1981-rok jazdy Junakiem bez prawka
1982-WSK-i,CZ,MZ
1986-Junak z koszem wyczajony od ciecia w klubie żaglowym nad Wisłą-jeszcze o oryginalnym malowaniu-ale strasznie zapuszczony-przemalowany na zielony matowy kolor,na koszu malowanie szczęki z samolotu Curtiss Hawk - na Grochowie robił ,,furorę'' - teraz to nazywa się chyba ,,lanseria'' czy jakoś tak....
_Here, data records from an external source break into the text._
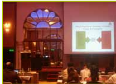
Stand Alone Presentation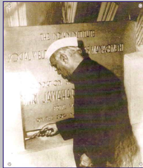
Pandit Jawaharlal Nehru laying the Foundation Stone of the Academic Block-1958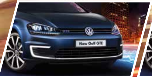
Night Blue Z2 Metallic*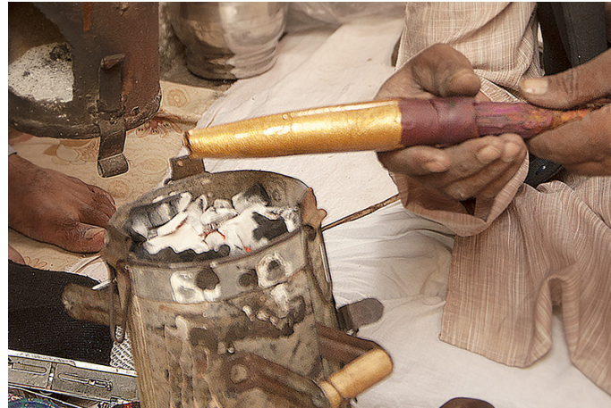
Artisan carefully rotates the stick, while heating it, such that it is heated evenly all over.

http://www.dsource.in/resource/lac-bangles-jaipur-rajasthan/making-process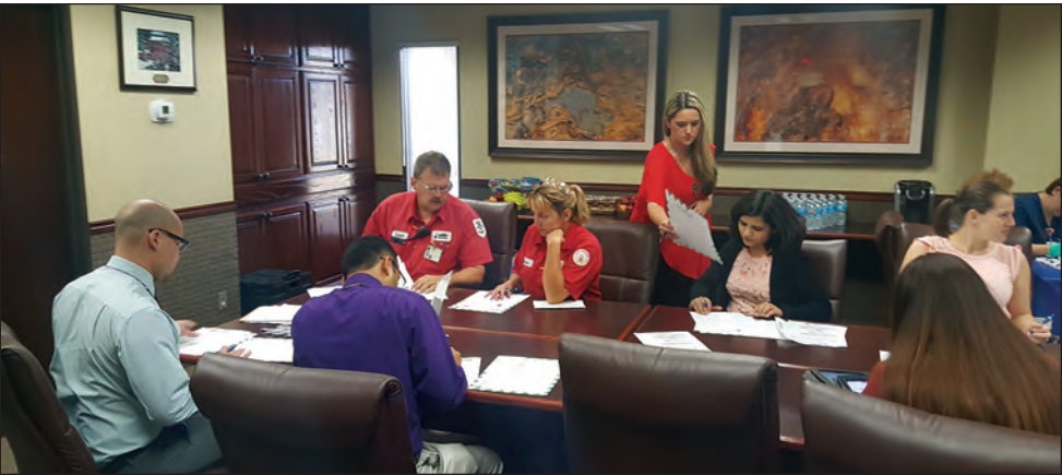
“Sign in and grab a Health Fair Passport.”

During the October 12th Health Fair, bananas apples and other fruit snacks were offered to the participants as they completed health risk assessment forms and proceeded to screening stations. The fair offered flu shots, lab work, biometric data and more. Good Shepherd Medical Center conducted the Health Fair for associates from Conduit Division locations and Duoline Technologies. The large conference room at the Conduit Division in Gilmer became a busy screening facility and everyone received Wellness Jackpot cards for their participation. Mammograms were available on November 2nd.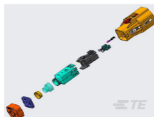
TE Part # YHVA630-2PHM-6MM-A HVA630-2pmm, 6sqmm, Key A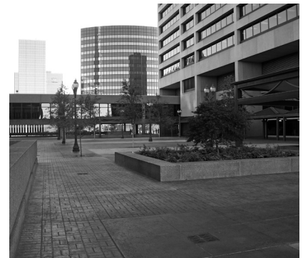
▲ Travelers Plaza in Hartford, Connecticut. Plaza Redesign and Reconstruction.

Citibank Elmhurst Financial Center Elmhurst, New York Plaza Waterproofing Rehabilitation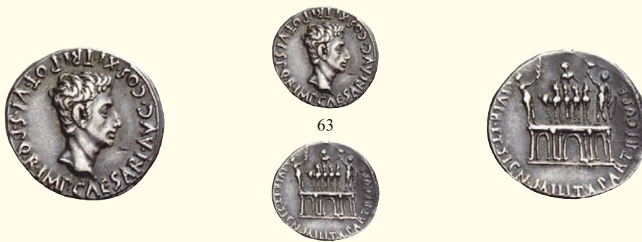
Octavian as Augustus, 27 BC – 14 AD. Denarius, Colonia Patricia (?) circa July 18-17/16 BC, AR 3.70 g.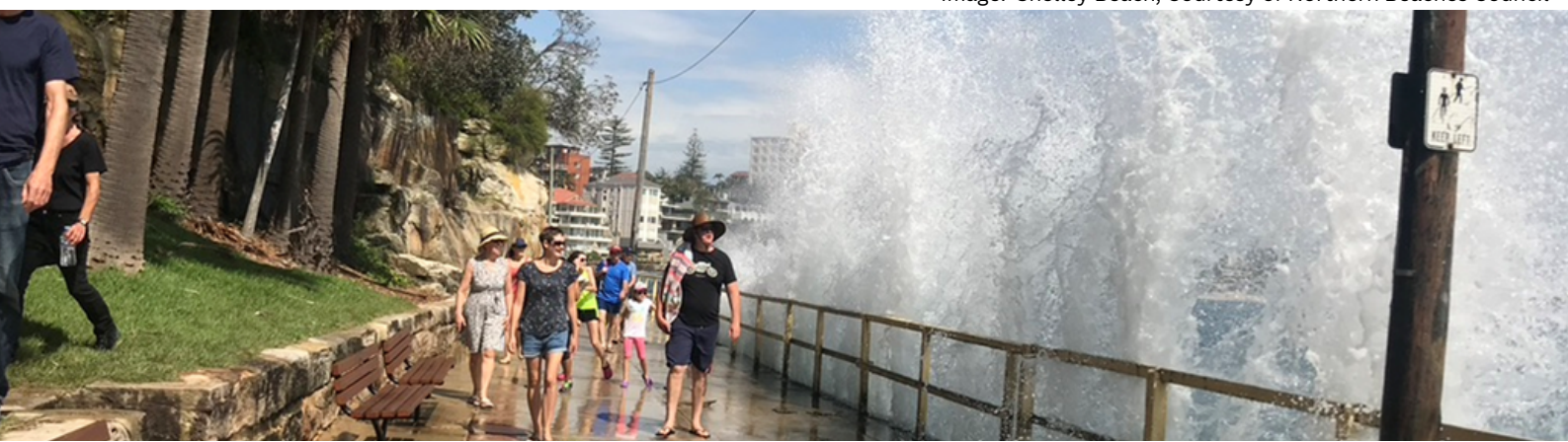
Image: Shelley Beach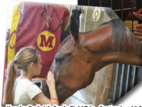
Hoosier Park 4th Grade Field Trip - September 18 & 19

Another 600 new fans for harness racing - kids enjoyed designing their own colors, learning how to "dress" the racehorse, all about managing the equine athlete, and cheering for their horses in the mock race!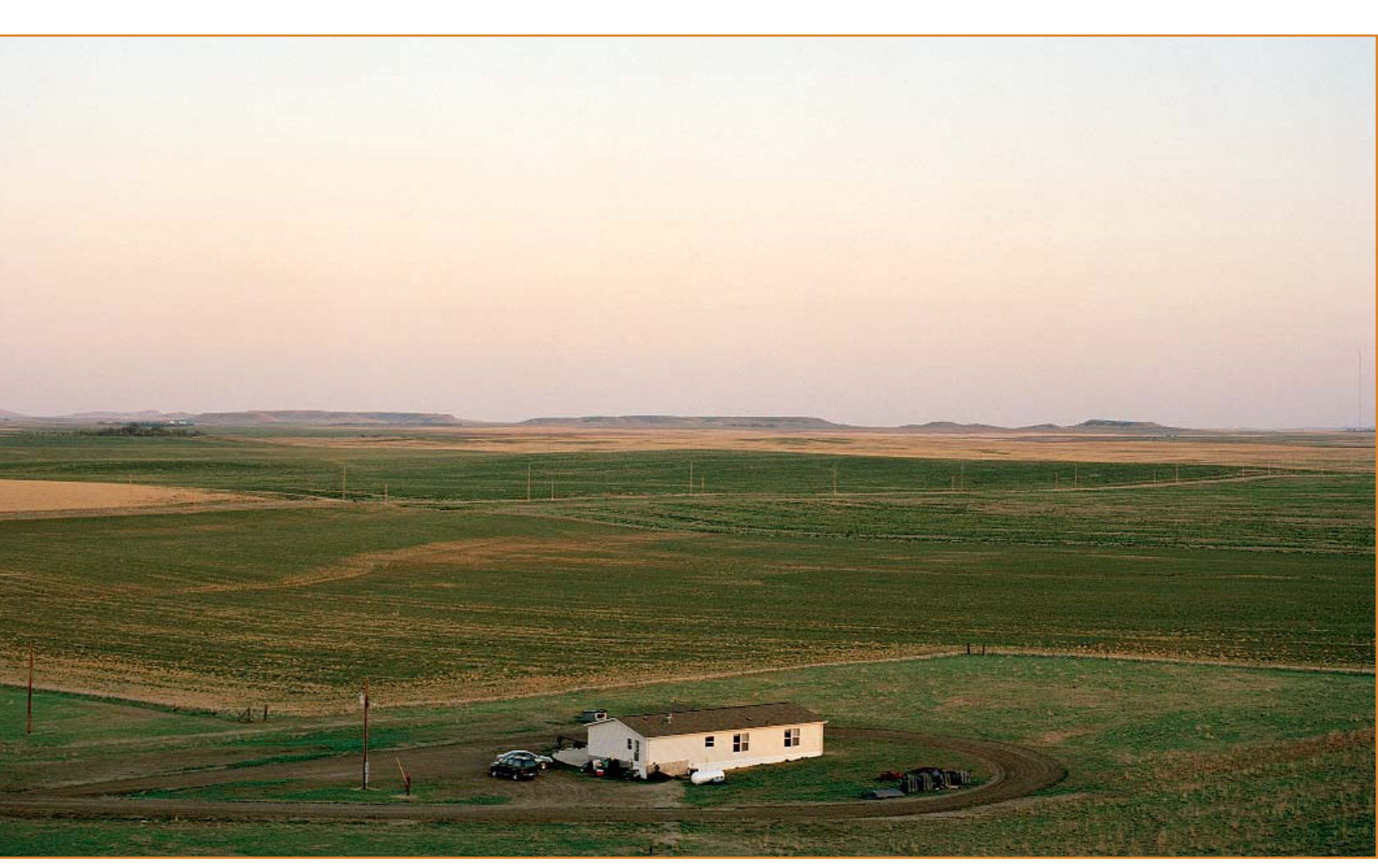
Standing Rock Sioux Reservation, SD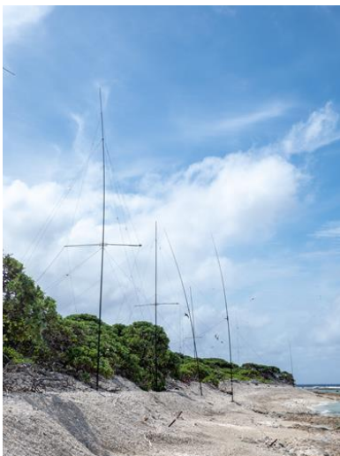
Figure 3. VDAs on shore

Much of Acadia Island is around 10 feet above sea level, with a steep drop off to the shore. The take-off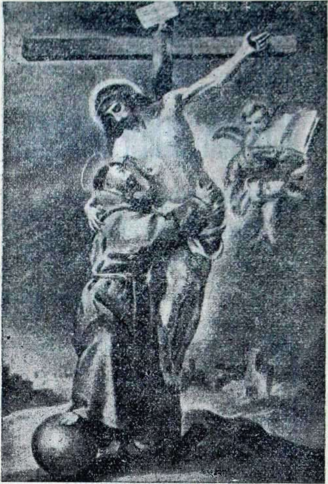
Jesukristo ta Prantzisko Donea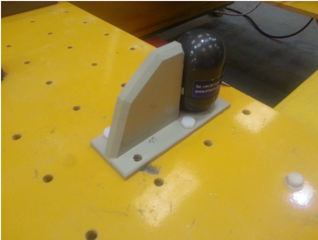
Tritech iGC mounted on the GEEP multi sensor platform.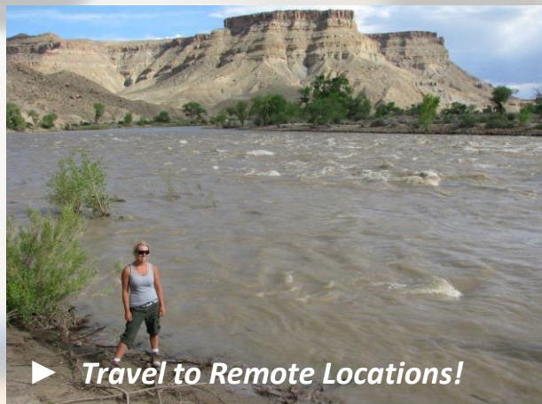
► Travel to Remote Locations!

https://www.brandonu.ca/future-students/apply/high-school/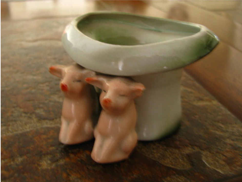
My favorite - Top hat with piggies!!! :)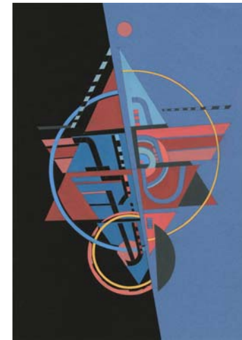
Sarah and Jacob | שרה ו יעקב . 2016 Biblical Names Series Paperboard, tempera, pencil 59 x 41,5 cm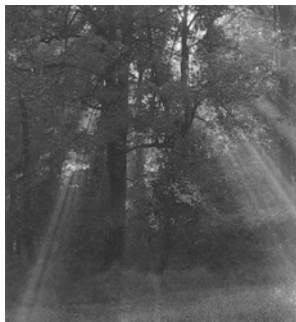
Blei and Odian, GOB Fig. 7.13

The casein is soluble, so colloids do not settle out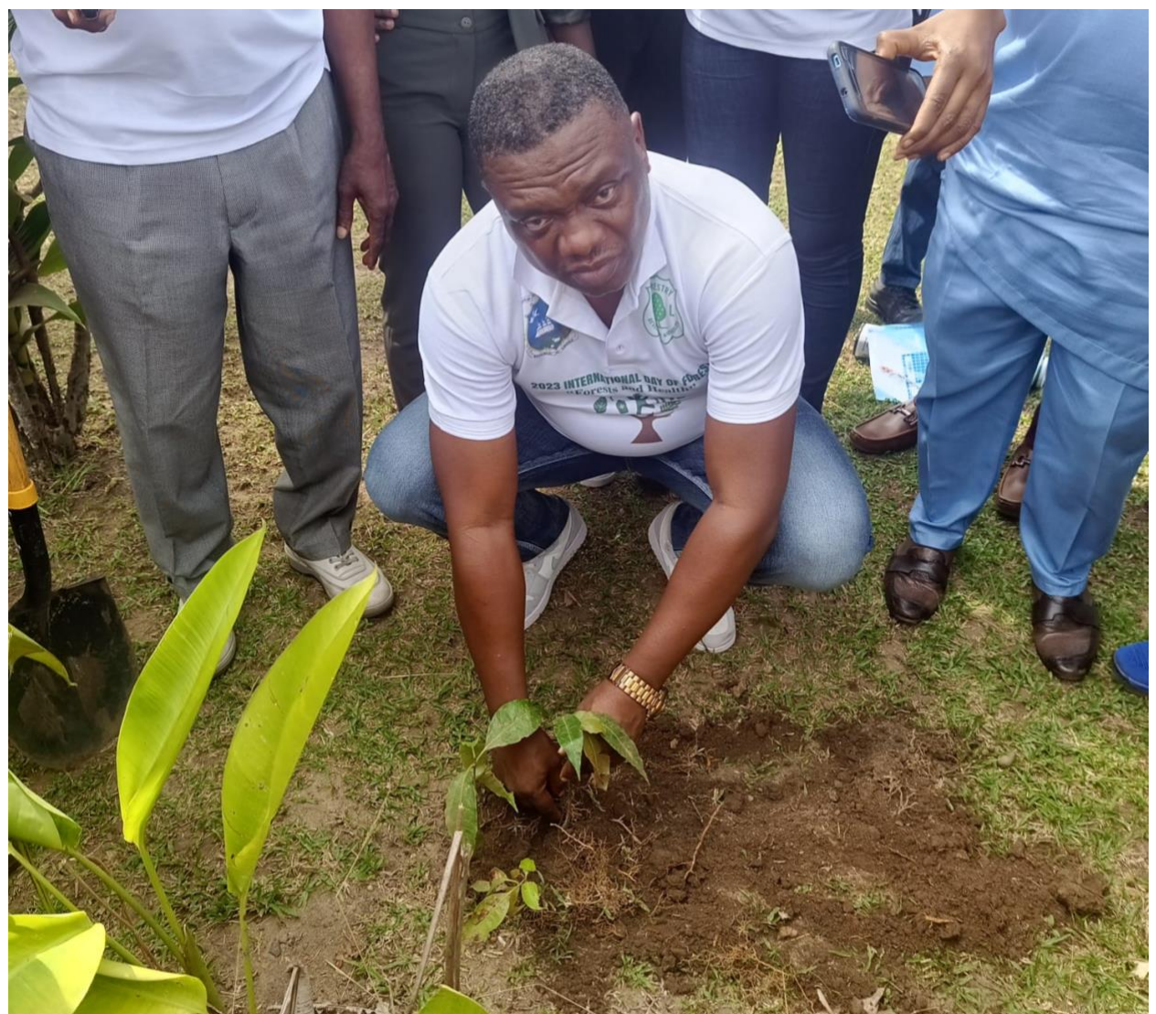
The Managing Director of Liberia's FDA planting a tree outside Buchanan City Hall in Liberia.

Liberia, March 21, 2023: With funding from the United States Agency for International Development (USAID), the West Africa Biodiversity and Low Emissions Development (WABiLED) and the Liberia Conservation Works Activity (CWA) embarked on a four-day awareness and outreach campaign to spread this year's International Day of Forests (IDF) message, "Forests and Health: a path to recovery and well-being."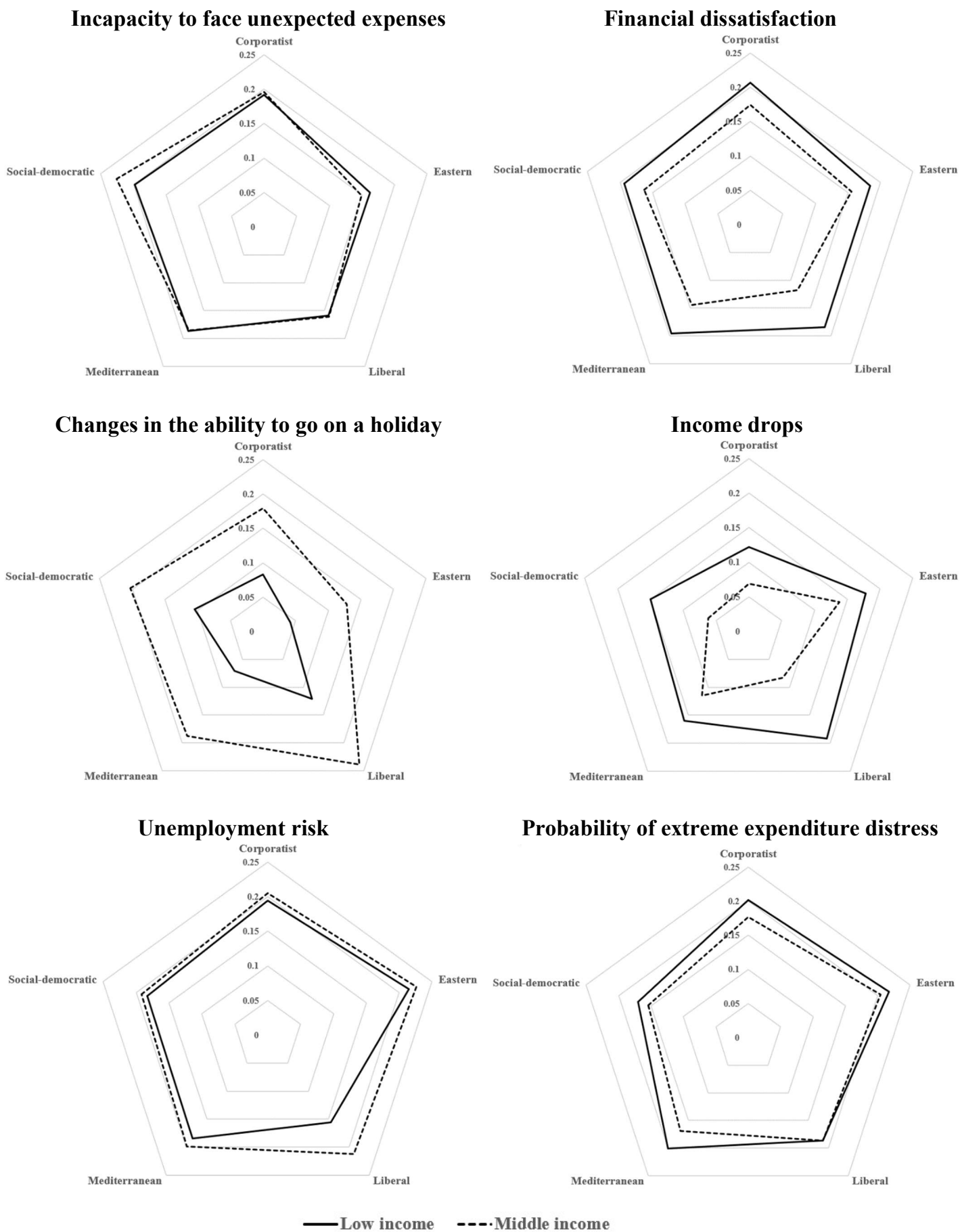
FIGURE 3. Contribution of dimensions to the economic insecurity adjusted rate ( M_{EI} ) by income groups.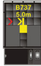
T2-18 pilot view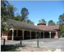
HEPBURN MINERAL SPRINGS RESERVE SOHE 2008

później długa przerwa-dziecko,rodzina i tak naprawdę nie pamiętam kiedy nabyłem Suzuki GSXF-750 napewno lata '90

2008-Honda Varadero XL1000
2011-Honda Hornet
2014-R1
parę lat już przeżyłem(mam siwe włosy

) i nie jestem ,,fanem'' bardzo szybkiej jazdy-chyba że na autostradzie w Niemczech..
Zaliczyłem kilka wywrotek , te najbardziej ,,pamiętliwe'' to Junakiem w Listopadzie na liściach na mokrym asfalcie-gmole uratowały mi nogę-były zrobione z ze stalowych rurek

-coś takiego jak teraz mają motocykle nauki jazdy,,L'', oraz Varadero na leśnych wykrotach na Strzeniówce.